##### EXERCISE MATERIALS #####

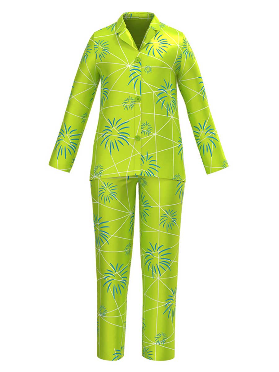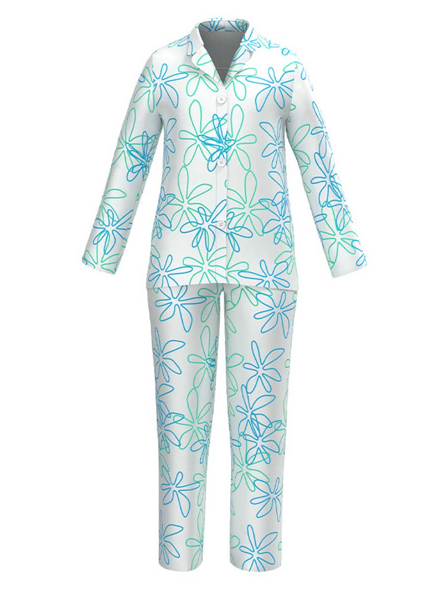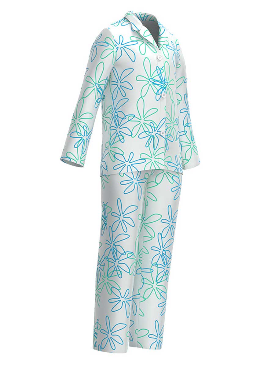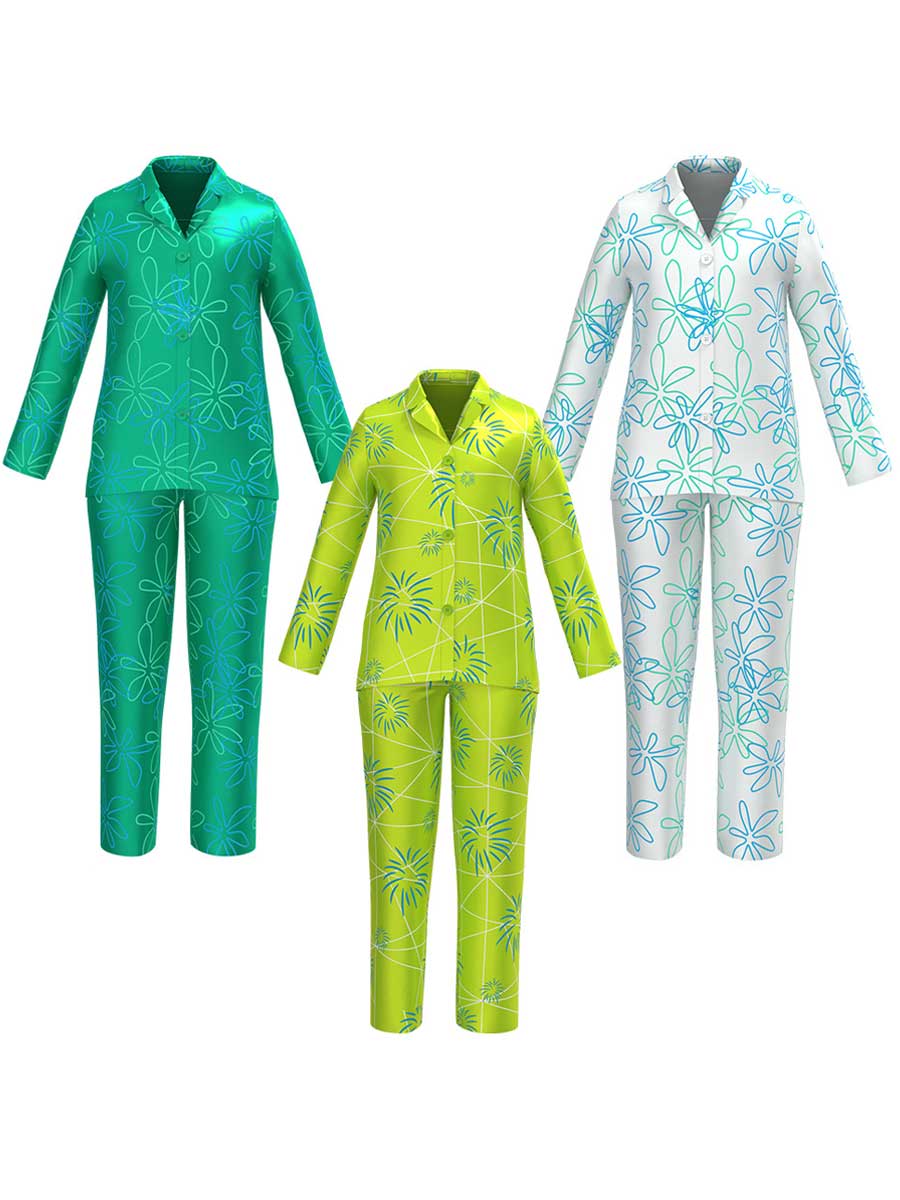 Design: This satin cozy pajama set featuring a loose shirt with long sleeves, front button closures, an allover floral print, matching pants with comfortable full coverage.
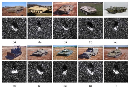 The MSTAR data set [] is a public data set created by the U.S. Air Force Laboratory, which consists of SAR images of ten classes of military vehicles with ground targets and is divided into two sub-datasets: a training data set and a testing data set. These ten class military vehicles include 2S1, BMP2, BRDM2, BTR60, BTR70, D7, T62, T72, ZIL131, and ZSU234, which are indexed by class labels 1, 2,…,10, respectively. The SAR and the corresponding optical images of each class are shown in Figure 3. The training images are obtained at a depression angle, and the testing images are captured at a depression angle. Each type of target is densely captured in aspect angles, ranging from to . The amount of each category is shown in Table 1.
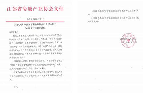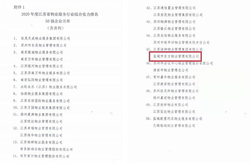 東方物業(yè)公司成功躋身“2020年度江蘇省物業(yè)服務(wù)行業(yè)綜合實(shí)力50強(qiáng)企業(yè)”榜單。
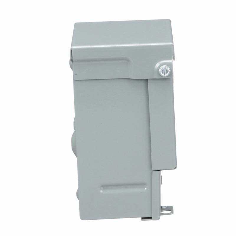Compact, for use with 75° Celsius wire. 2 pole, 2 wire, 240 volt AC, rated 10 HP, steel enclosure with molded case. Advanced design with reliable, quick-make, quick-break operating mechanism. Suitable for use on systems with up to 10,000 RMS symmetrical amp available fault current at 240 volt AC maximum when protected by a fuse or circuit breaker rated 60 amp or less. Does not contain over current protection. No.PKHB bracket for stucco, aluminum and vinyl siding sold separately.
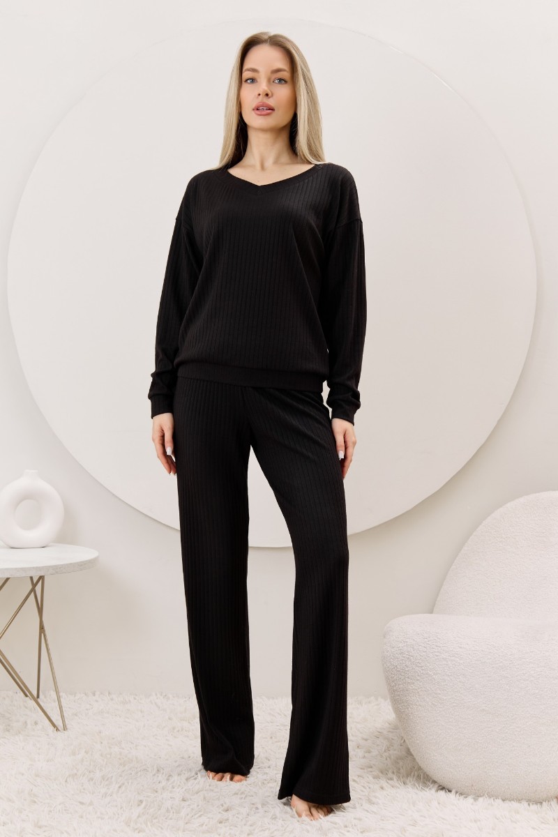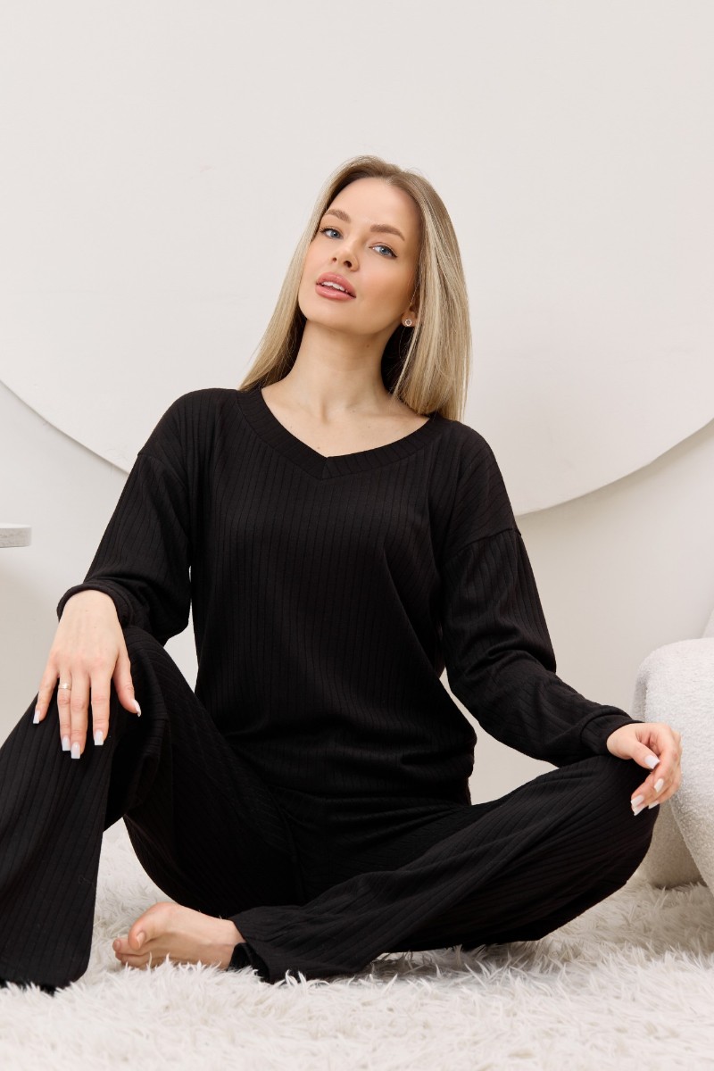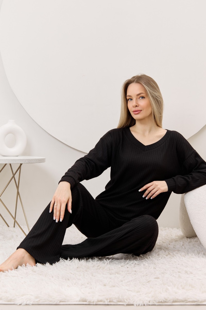 Представляем Вашему вниманию женские брюки из гладкокрашенного трикотажного фактурного полотна в «рубчик» с добавлением ангоры, полуприлегающего силуэта, длинные, слегка расширенные книзу, на притачном поясе с эластичной тесьмой внутри.
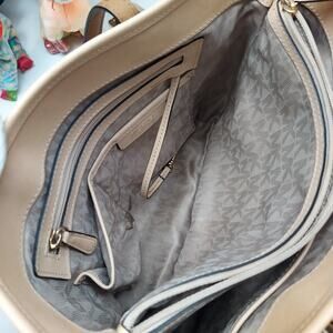 Michael Kors Jet Set Beige Leather Double Handles Tote Shoulder Bag
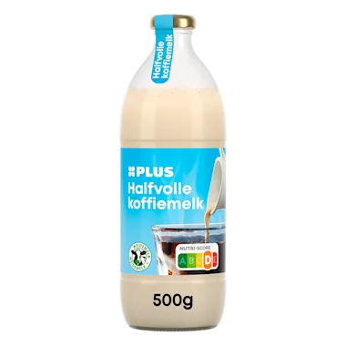 Halfvolle koffiemelk, gesteriliseerd. Melkvet 4%, vetvrije melk droge stof 20%
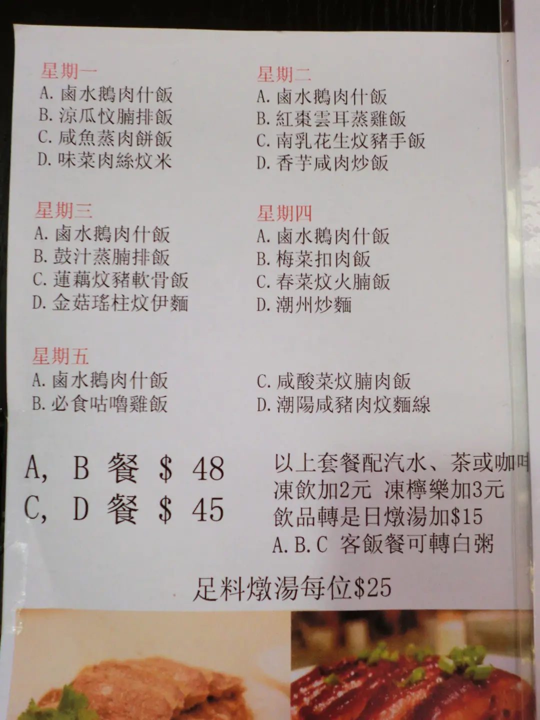 平日供應午餐:由 $45 ~ $48 ,送汽水 / 咖啡 / 茶,凍飲 +$2 經濟實惠!
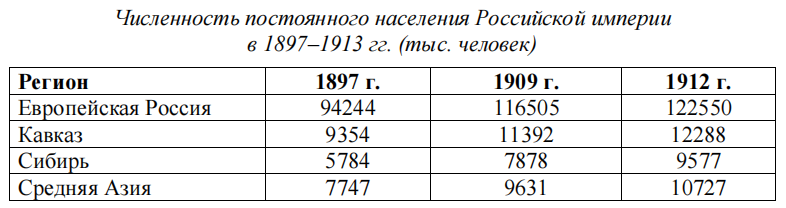 В) Численность населения Средней Азии примерно на 2 млн человек превышала численность населения Сибири в
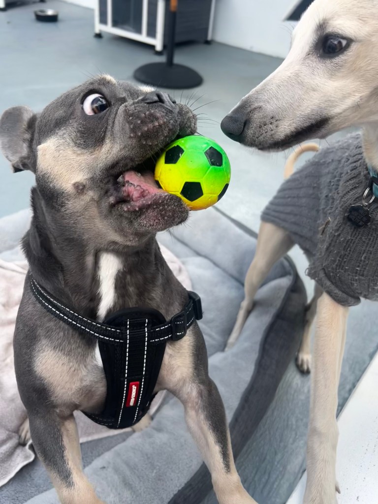 At Fur Friends Fun House, social play is always supervised and never forced. Dogs are introduced gently, given choice, and supported at their own pace. Our focus is on creating positive, pressure‑free experiences that help dogs feel safe and confident.

#####

None of the pictures belong in the copy. Write out exactly the lines from the line that holds "Halfvolle koffiemelk, gesteriliseerd." through the last line of the listing above, both ends included.

 Halfvolle koffiemelk, gesteriliseerd. Melkvet 4%, vetvrije melk droge stof 20%
 平日供應午餐:由 $45 ~ $48 ,送汽水 / 咖啡 / 茶,凍飲 +$2 經濟實惠!
 В) Численность населения Средней Азии примерно на 2 млн человек превышала численность населения Сибири в
 At Fur Friends Fun House, social play is always supervised and never forced. Dogs are introduced gently, given choice, and supported at their own pace. Our focus is on creating positive, pressure‑free experiences that help dogs feel safe and confident.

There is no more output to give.